Listed Building – Category B
- Designated: 8 May 1975
- Reference no.: LB27773

= Forrest Hill drill hall =

Former drill hall in Edinburgh, Scotland

The Forrest Hill drill hall is a former military installation in Edinburgh, Scotland. The building is now owned by the University of Edinburgh.

==History==
The building was designed by Duncan Menzies as the headquarters of the Queen's Edinburgh Rifles and completed in 1872. Following extensive refurbishment work the building was re-opened by the Duke of Connaught in May 1905.

The Queen's Edinburgh Rifle Volunteer Brigade became the 4th and 5th (Queen's Edinburgh Rifles) Battalions, the Royal Scots in 1908. The battalions were mobilised at the drill hall in August 1914 before being deployed to Gallipoli and then to the Western Front.
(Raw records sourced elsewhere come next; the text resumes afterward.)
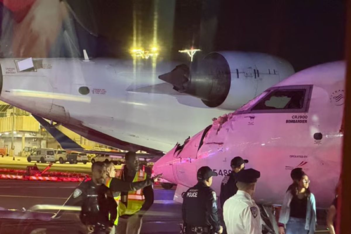 Dos aviones regionales de Delta Connection, operados por Endeavor Air, colisionaron a baja velocidad mientras rodaban por la pista del aeropuerto LaGuardia alrededor de las 21:56 hora local. El incidente, que involucró un CRJ-900 preparándose para despegar hacia Roanoke, Virginia (con 28 pasajeros y 4 tripulantes), y otro que llegaba de Charlotte, Carolina del Norte (con 57 pasajeros y 4 tripulantes), provocó daños visibles en el fuselaje y un ala, pero solo una asistente de vuelo resultó con lesiones leves. Pasajeros y tripulantes fueron evacuados rápidamente y trasladados a la Terminal C en autobuses, sin interrupciones mayores en las operaciones aeroportuarias. La FAA y la NTSB iniciaron una investigación inmediata, analizando comunicaciones de control aéreo y registros de movimiento.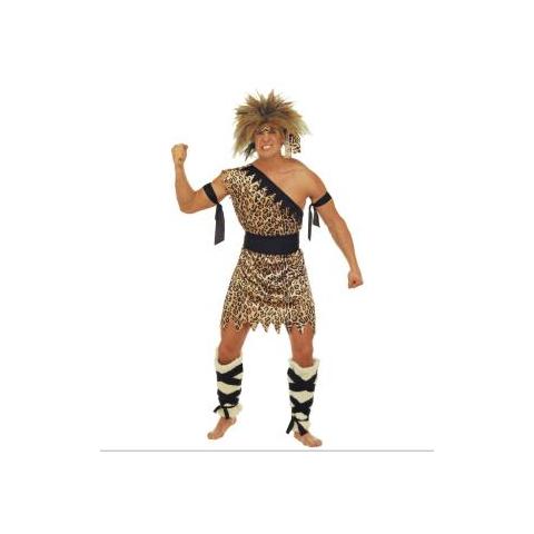 Costume Da Uomo Delle Caverne 'Caveman' In Taglia M Composto Da Tunica, Cintura, Gambali E Fasce Per Braccia E Testa
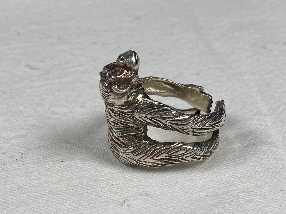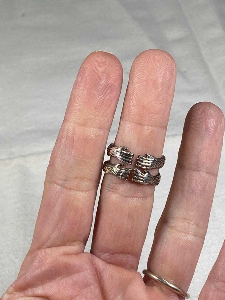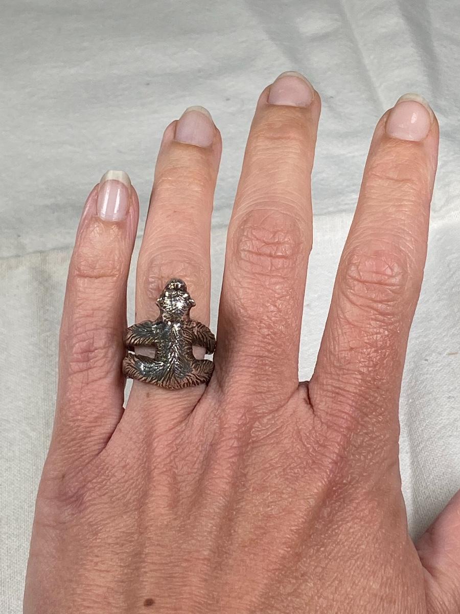 Monkey finger wrap ring. Fits like a 7. No marking inside. Could be size adjusted as the legs are not connected on underside.
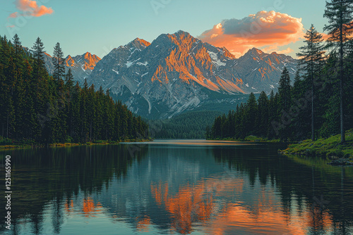 Fototapeta premium Alpine lake reflects sunset mountain peaks and forest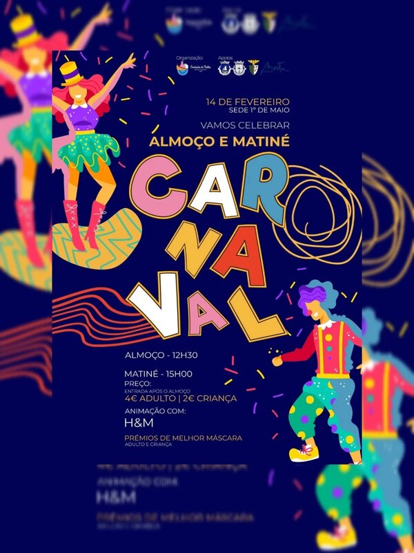 - 18h00 - Carnaval TASSE, no Palacete em Alhos Vedros, organizado pela Fundação Sta. Rafaela Maria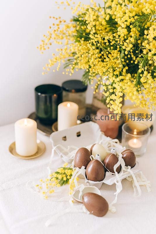 白色桌布上摆放着装满巧克力蛋的纸托,背景是茂盛的黄色含羞草和点燃的蜡烛,营造出温馨浪漫的复活节庆祝氛围。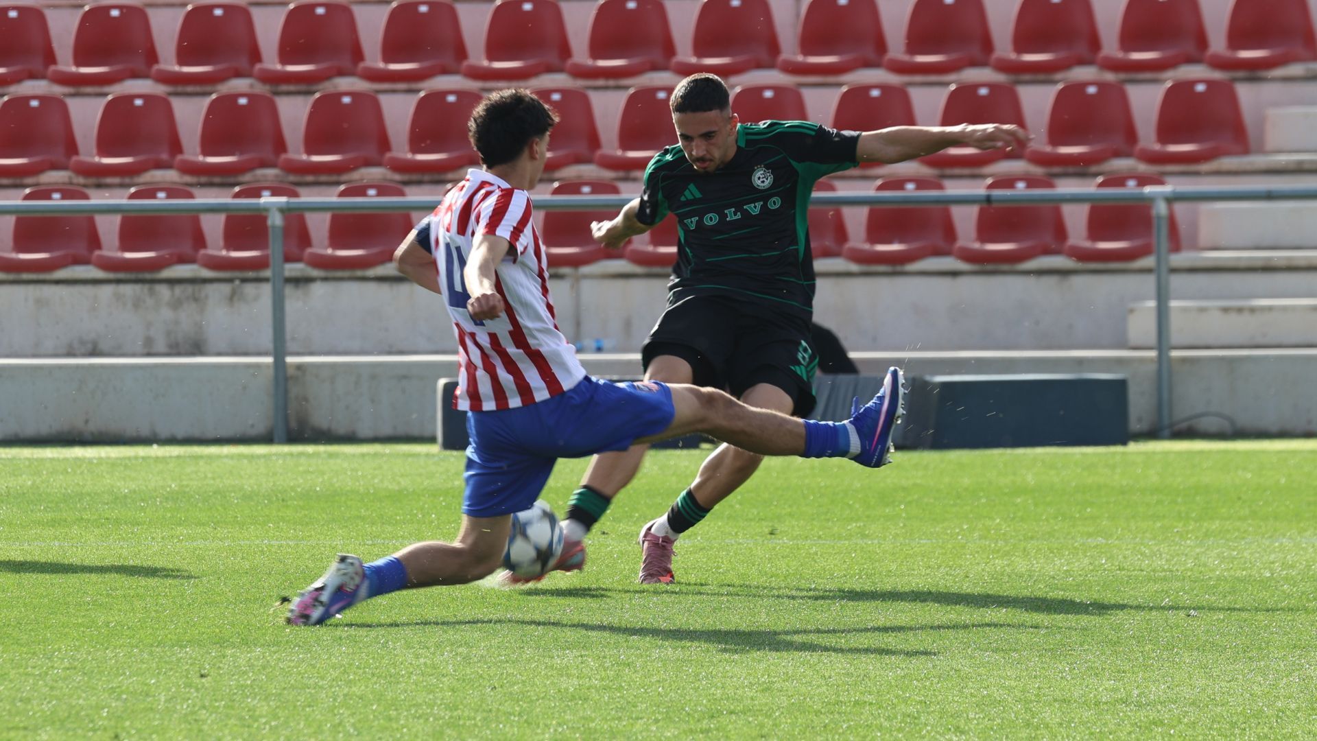 שמינית גמר ליגת האלופות לנוער: קבוצת הנוער סיימה היום (רביעי) את המסע האירופי הקסום עם הפסד 5:3 בפנדלים לאתלטיקו מדריד. הקולצ׳ונרוס כבשו שער מוקדם בדקה הרביעית של המחצית הראשונה, אך ינון פיינגזיכט השווה את התוצאה בדקה ה-71׳. צילום: מכבי חיפה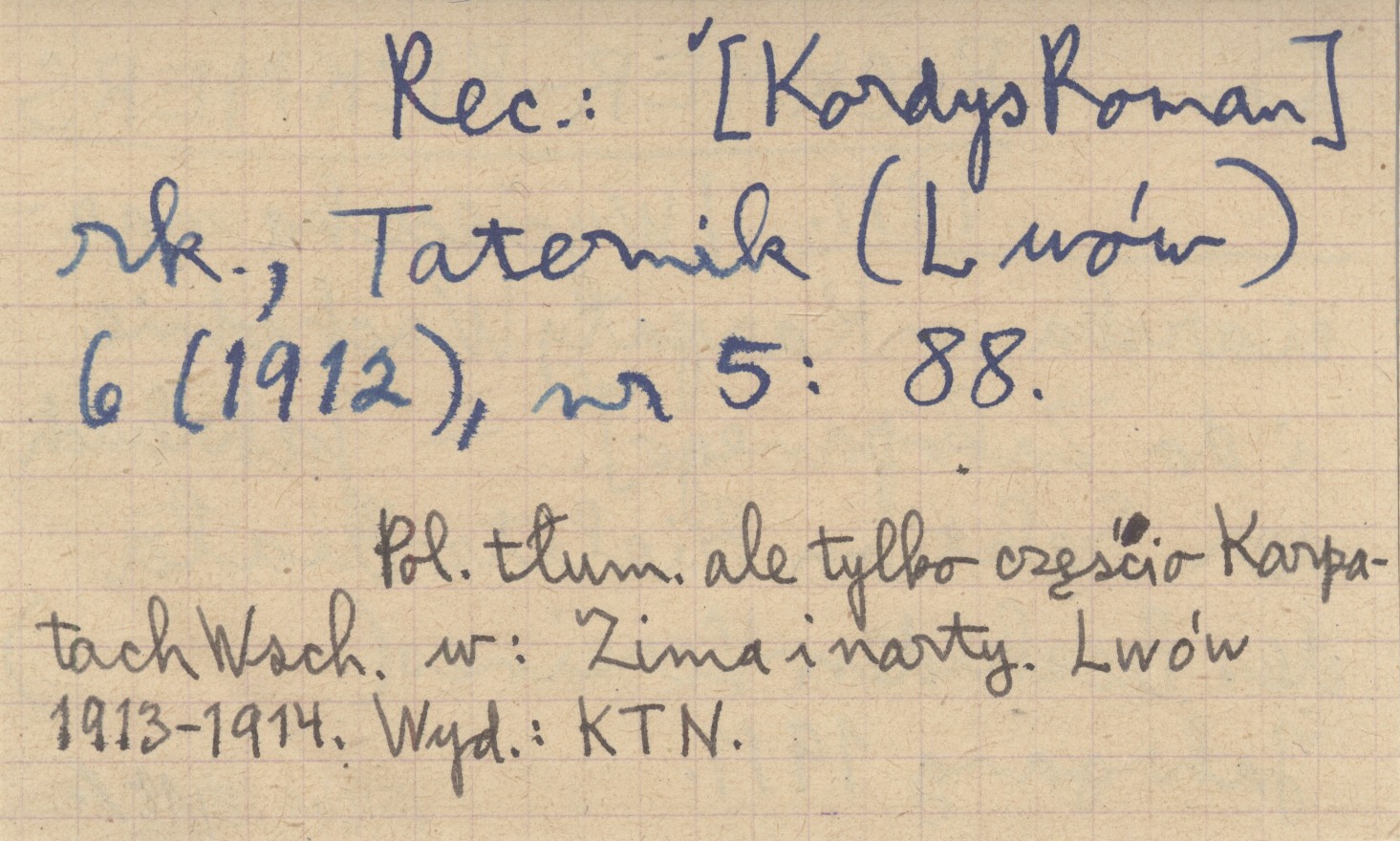 Jahrbuch der Sektion Bielitz-Biala des Beskidenvereines, Jahrgang 1911. Pol. tłum. ale tylko części o Karpatach Wsch. w: Zima i narty. Lwów 1913-1914. Wyd.: KTN. REC: [KORDYS Roman] rk., Taternik (Lwów) 6 (1912), nr 5: 88.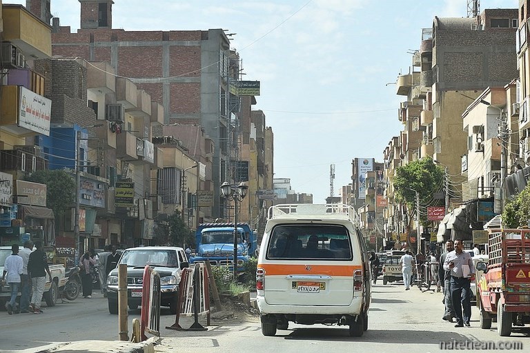 Pour rejoindre les temples de Kom Ombo et celui d'Edfou, nous avons emprunté la route qui longe la rive est du Nil, une route fatigante avec une circulation assez dense et de nombreux dos-d'âne. A partir d'Edfou, nous quittons cette route pour prendre la route du désert qui mène à Louxor, à l'ouest de la vallée du Nil. Cela nous fait faire un détour mais c'est plus rapide.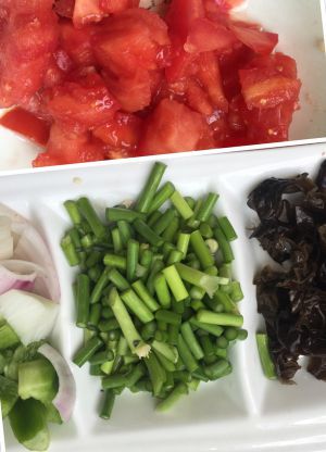 豆腐切大小一厘米左右的块,番茄去皮切和豆腐大小的块,姜蒜切片,葱头切片,备用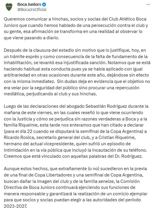 Luego del primer comunicado por la mañana del viernes, la cuenta oficial hizo su descargo mediante otra publicación. “Queremos comunicar a hinchas, socios y socias del Club Atlético Boca Juniors que cuando hemos hablado de una persecución contra el club y su gente, esa afirmación se transforma en una realidad al observar lo que viene pasando a diario”, comienza este posteo en su cuenta de Twitter.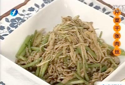 1、芹菜、千张和猪肉切丝,备用。

The 4th and 5th battalions amalgamated to form the 4th/5th (Queen's Edinburgh Rifles) Battalion, with its headquarters at the Forrest Hill drill hall in 1922. In 1939 the battalion converted to manning searchlights and, in 1940, became an anti-aircraft regiment of the Royal Artillery.

The drill hall was the home of the Edinburgh University Officers' Training Corps and its successors, the Edinburgh and Heriot-Watt Universities OTC and the City of Edinburgh Universities OTC, from 1957 until the Universities OTC moved to Duke of Edinburgh House in Colinton Road, Edinburgh in 1993. The building was decommissioned and taken over by the University of Edinburgh in the mid-1990s. The building then became the location of the Department of Artificial Intelligence.